The Jungian would explain this as some deep superconscious symbolism of a dragon being evil (even in the garden of Eden the snake was the bad guy) because of some metaphysical cosmic reason.

The Campbellian would point out that coming up with a mythology of huge dangerous reptiles would be natural if you live in an area where some seemingly small and harmless animal like a snake could kill you with one bite, hence giving it some mythologically dark properties.

Which brings me back to Dr. Crick. He was explaining that we have such messed up dreams because of the lattice structure of the brain. Everything isn’t neatly stacked into different piles separate from each other. All the information is cris-crossed all over the place. So remembering one thing may cause you to remember something completely different (Just like on Monty Python).

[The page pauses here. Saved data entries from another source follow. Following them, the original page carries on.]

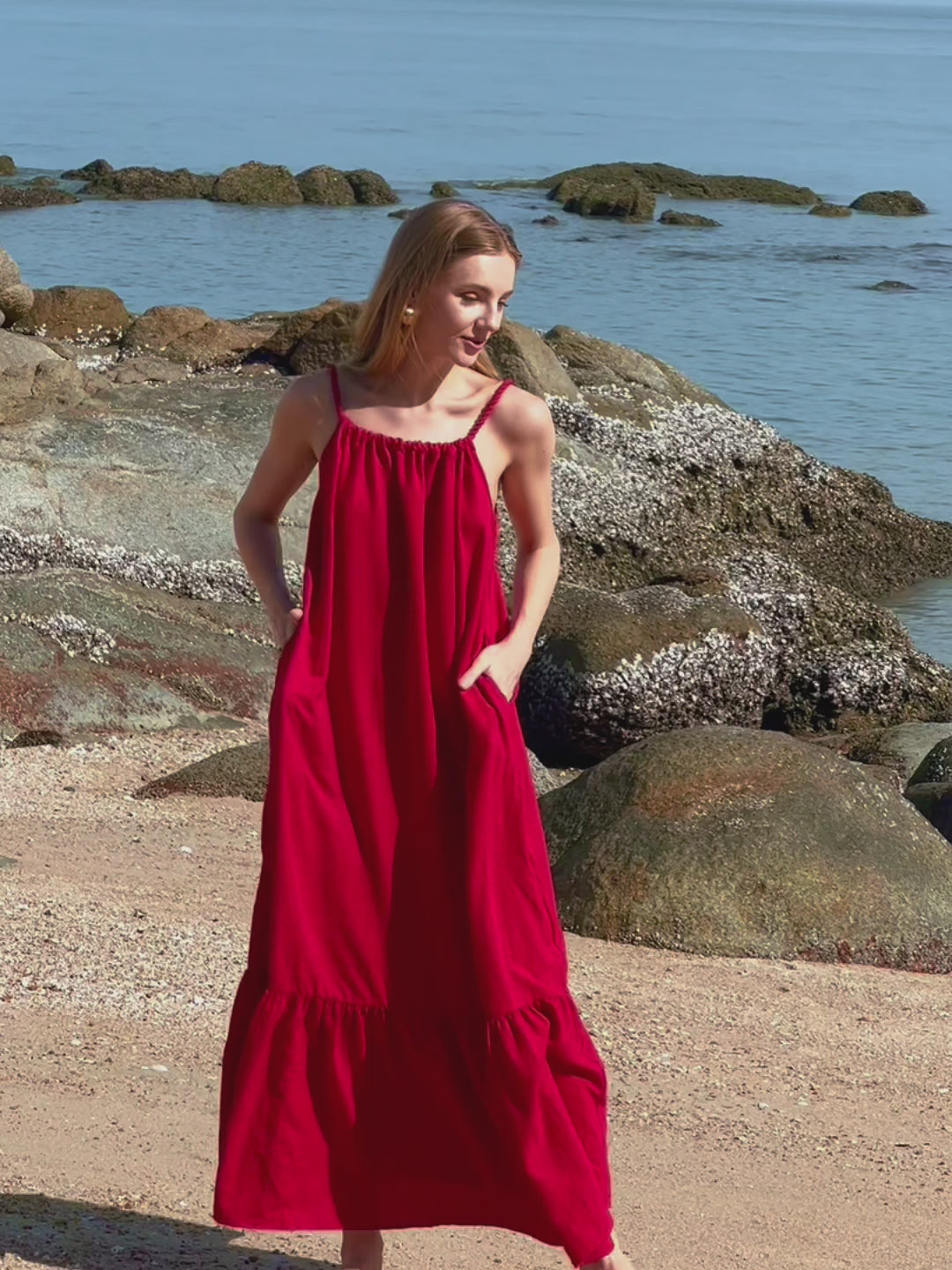 Discover our limited edition Olivia Maxi Dress. This red dress perfectly blends style, comfort, and versatility, effortlessly transitioning from day to night with its maxi length. It features an adjustable scoop back, rope detail straps, and ruffles for a chic vacation vibe.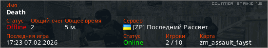 Играет на Counter Strike 1.6 сервере. Страна: УкраинаПервый раз замечен 16:47 07.02.2026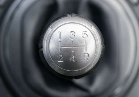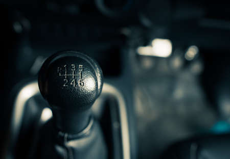 Manual transmission in the car, six gears in the car, gear lever in the car close up.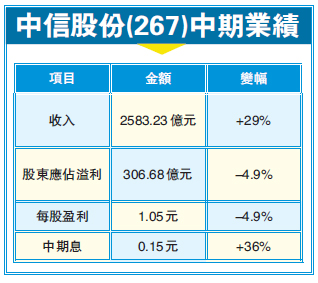 業績方面,中信股份截至今年6月底止,中期純利按年減少4.9%,至306.68億元;若扣除期內54億元投資重估收益,以及人民幣兌港元匯率影響,上半年的實際利潤應同比增長6%,派中期息每股0.15元,較去年同期增多36%。常振明期望,未來可持續增加派息,以順應國資委的要求。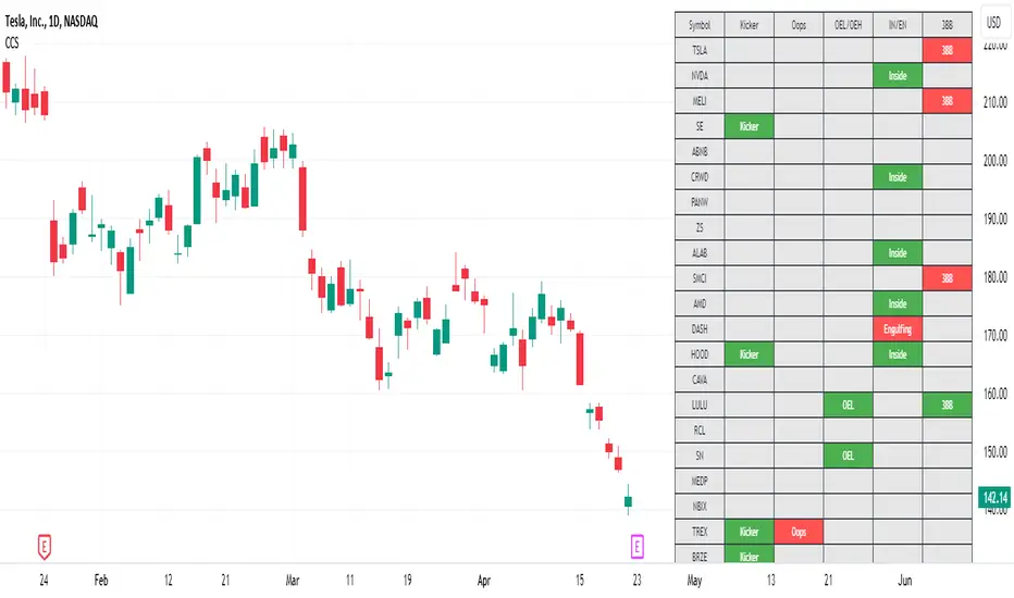 The Candle Combo Screener allows you to see candlestick combinations for up to 5 different tickers at the same time. If one of the candle combination is detected the corresponding cell will be highlighted to alert you.
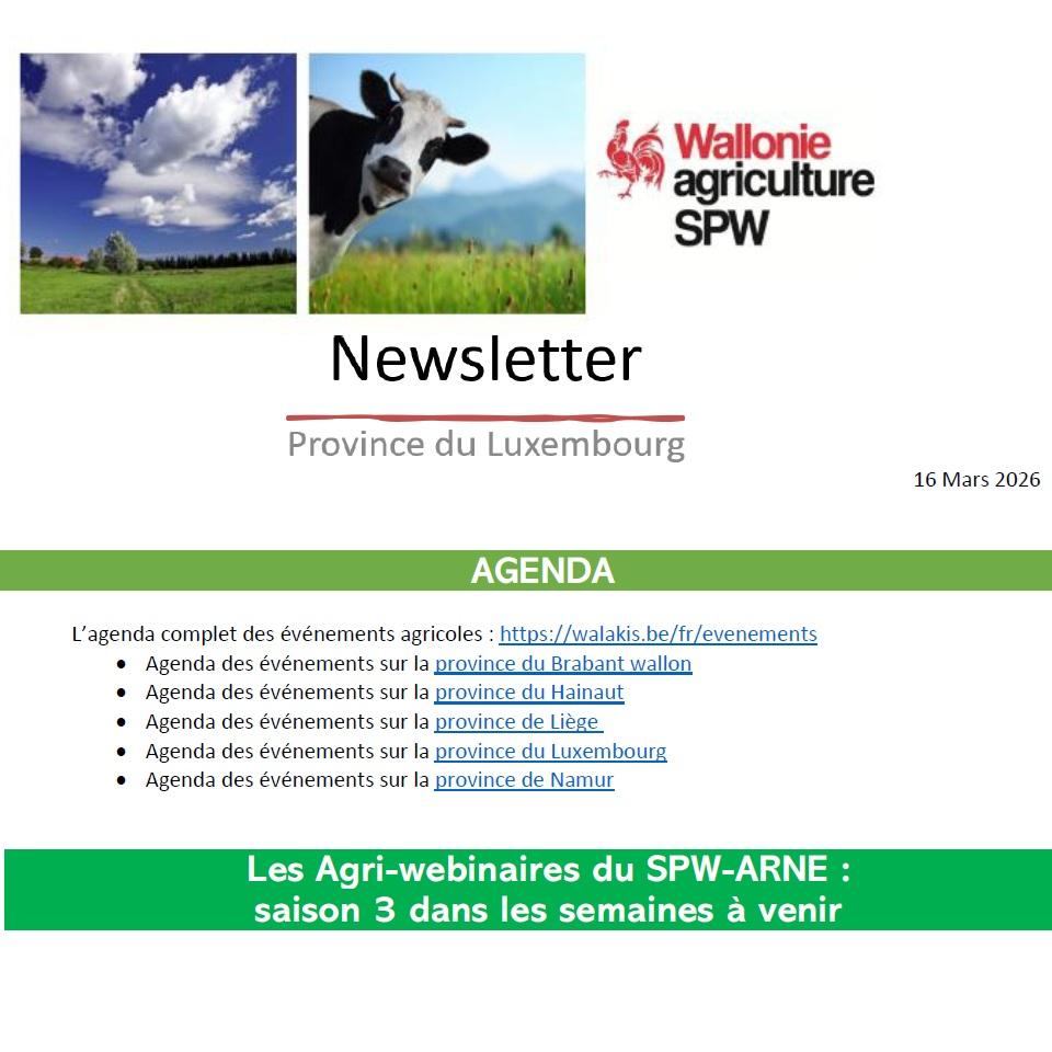 Le fichier : walakis.be/system/files/2026-03/260316-05NewsletterSPWARNELuxembourg.pdf L\'actualité Walakis : walakis.be/fr/actualites/agenda-du-spw-agriculture-en-province-de-luxembourg-du-16-mars-202
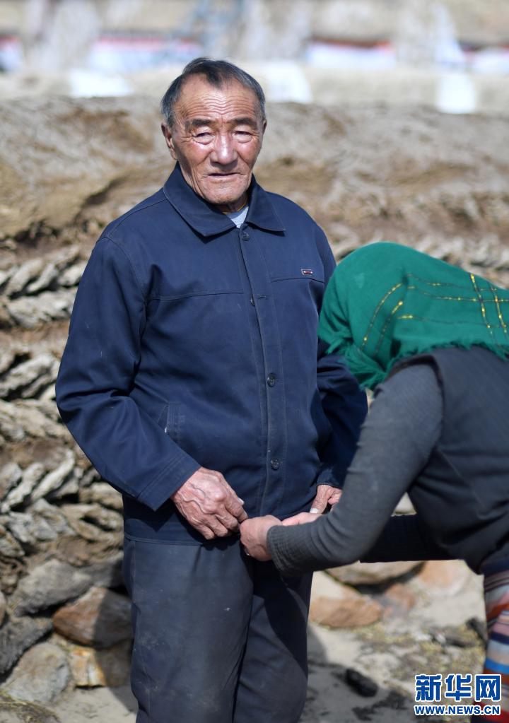 女兒帕珠在幫父親旦達(dá)老人整理衣服(4月16日攝)。新華社記者 覺果 攝

His theory was that dreams are merely a kind of disk defrag that our brains do naturally while we sleep. However, there have been many people throughout history who have solved complex problems, and made breakthrough discoveries by paying attention to their dreams.

It could be the when we have problems, we know the answer on some level, but we just don’t know how to express it. Because our brains are largely based on images, the solutions naturally come to us through all the various pictures and memories that we have stored in our brains.

For example, the guy who invented the sewing machine had a dream he was in the jungle, and the natives were throwing spears at him with holes in the tips. The guy that came up with the structure for benzene, and pretty much started the whole study of organic chemistry dreamed of a snake eating its tale.

Whether our dreams come from some collective intelligence, or they are merely remnants of our evolutionary past, they can give us very powerful messages. You just need to be creative enough to interpret them. A good strategy would be to ask yourself a question while you are falling asleep, and just pay attention when you wake up. Perhaps you dreamed the solution in the form of images and weird story lines.

The bottom line is that whatever you think about dreams, they can be a powerful tool that most people never choose to utilize. Just by asking some good questions as you fall asleep, and paying attention to any answers that may come in the morning, you might find yourself creating all kinds of good things in your life.